Depois vieram vários em Berlim e eu estive em todos eles. Nesse de 2022, a expectativa era imensa. Ao chegar no terreno onde fica »Quasimodo« pertinho da Estação Bahnhof Zoo, outras e outros veteranos da cena brasileira em Berlim estavam com frio na barriga. Para a maioria alí presente, era o primeiro show em lugar fechado desde o início da pandemia e num momento de escassez do exercício da brasilidade em áridas terras prussianas.

Olhares, abraços, sorrisos e histórias sobre como superamos os dois anos de secura cultural e alegria de rever todas e todos e conhecer novas almas brasileiras com o mesmo anseio a ser alimentado naquela noite, naquele porão cultural.

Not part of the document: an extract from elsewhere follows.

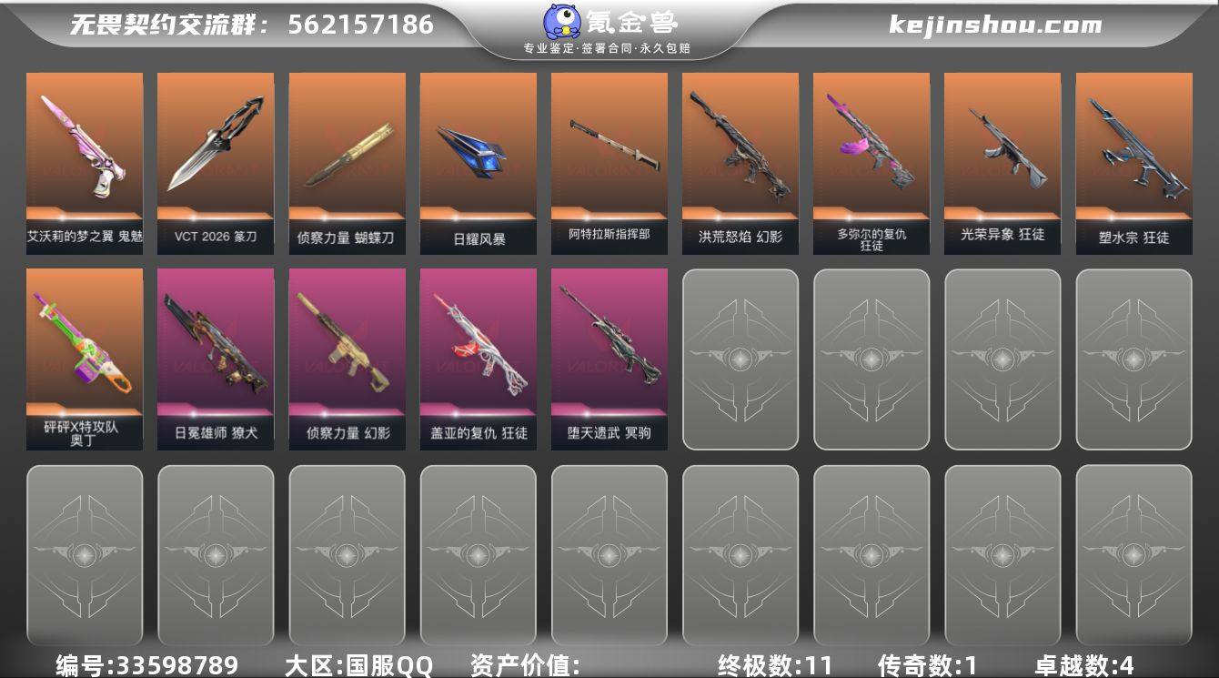【PTWW3691】LV等级96/皮肤总价值25120/段位超凡/总皮肤数量55/刀皮数量5/枪皮数量50/套装数量1/具体详情请看图/VCT 2026 赛季套装/幻棱/炼狱/维斯/暮蝶/钛狐/壹决/铁臂/捷风/雷兹/幽影/不死鸟/贤者/猎枭/蝰蛇/零/芮娜/奇乐/尚勃勒/霓虹/斯凯/夜露/星礈/K/O/海神/盖可/黑梦/钢锁/VCT 2026 篆刀/蝴蝶刀-侦察力量/剥皮小刀/日耀风暴/阿特拉斯指挥部/狂徒-塑水宗/狂徒-光荣异象/多弥尔的复仇 狂徒/狂徒-盖亚的复仇/狂徒-神罚//2.0/幻影-洪荒怒焰/幻影-侦察力量/獠犬-日冕雄师/冥驹-堕天遗武/奥丁-砰砰X特攻队/标配-神罚/鬼魅-艾沃莉的梦之翼/零点嗅探设计图 卡面/无畏契约GO!第一卷:芮娜 卡面/无畏契约GO!第一卷:零 卡面/代号红色 卡面/新兵报到 卡面/V契约 卡面/无畏契约 卡面/双击点赞 喷漆/买装还是存钱 喷漆/胜利属于无畏契约 喷漆/GLHF 喷漆/无畏契约 喷漆/无畏契约GO!第一卷 芮娜 挂饰/无畏契约GO!第一卷 零 挂饰/天外飞客 挂饰/无畏契约 纪念币 挂饰
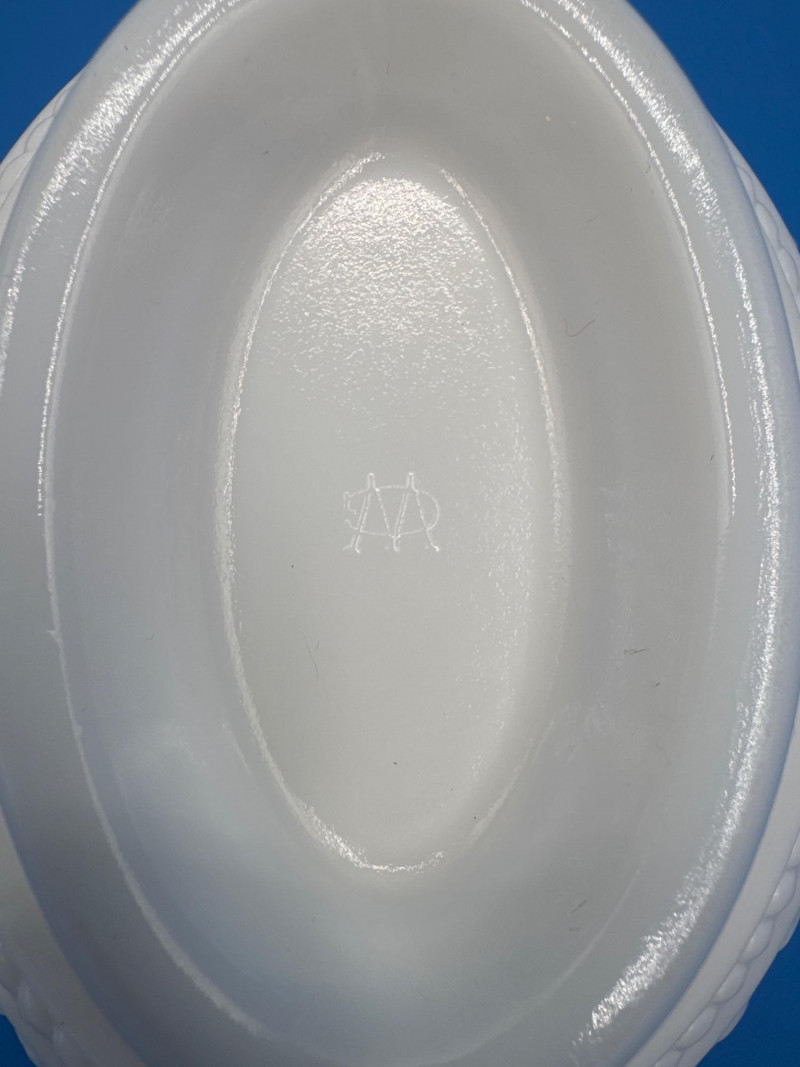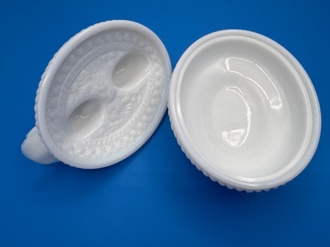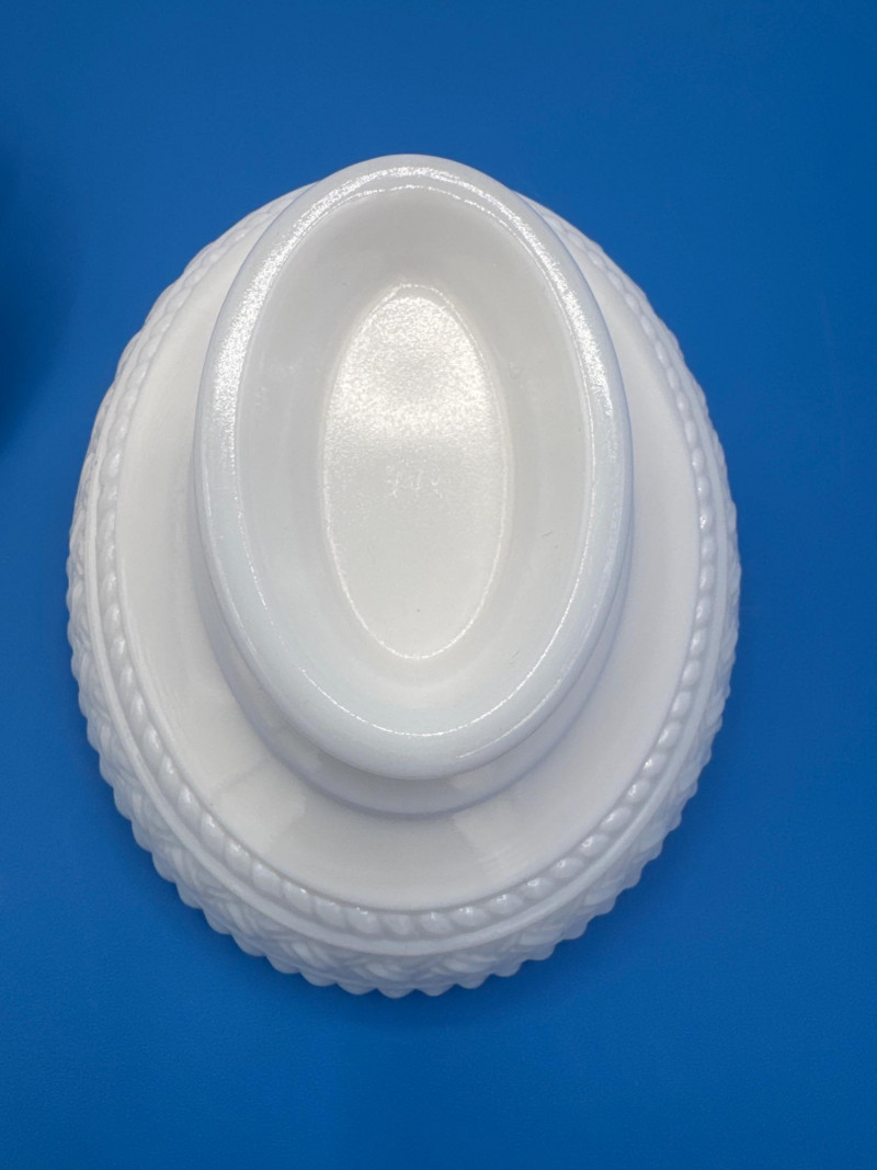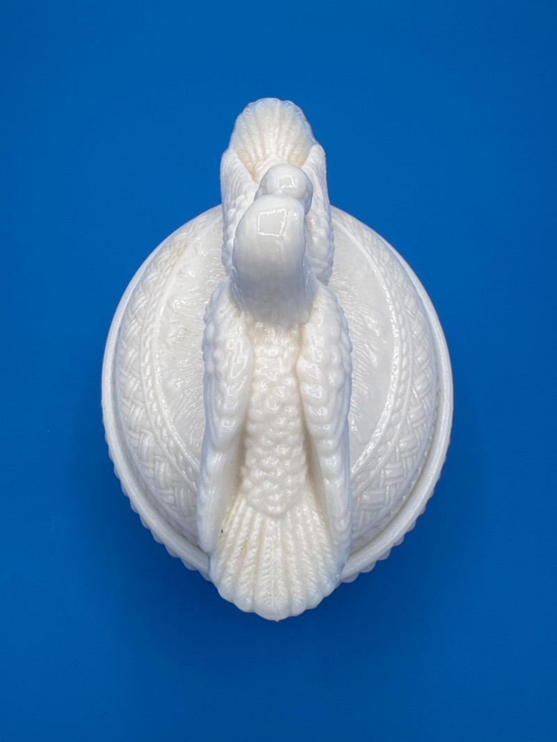 This style is typically described as “Kissing Doves on a Nest” or “Love Birds on a Nest” covered dish in milk glass made by Westmoreland.

O clima no local bem cheio, mas não lotado, era de celebração de encontros, amizades e muitas saudades; de tudo.

Com um vestido preto longo, Adriana entrou no palco e se posicionou em cima do tapete que dava um clima de sala de estar e sem o tradicional banquinho para quem toca violão. A primeira parte do show teve como protagonista as próprias músicas, sem muita conversa. Na segunda, ela contou sobre o período ativo-über com inúmeras composições, a história da música sobre a morte do menino Miguel, no Recife e nela acirrada crítica social.

 

»2 de Junho«

No país negro e racista
No coração da América Latina
Na cidade do Recife
Terça-feira 2 de junho de dois mil e vinte
Vinte e nove graus Celsius
Céu claro
Sai pra trabalhar a empregada
Mesmo no meio da pandemia
E por isso ela leva pela mão
Miguel, cinco anos

 

De trás dos montes

A conexão de Adriana Calcanhotto com a língua portuguesa vai mais do que cultural, ela é visceral-literária.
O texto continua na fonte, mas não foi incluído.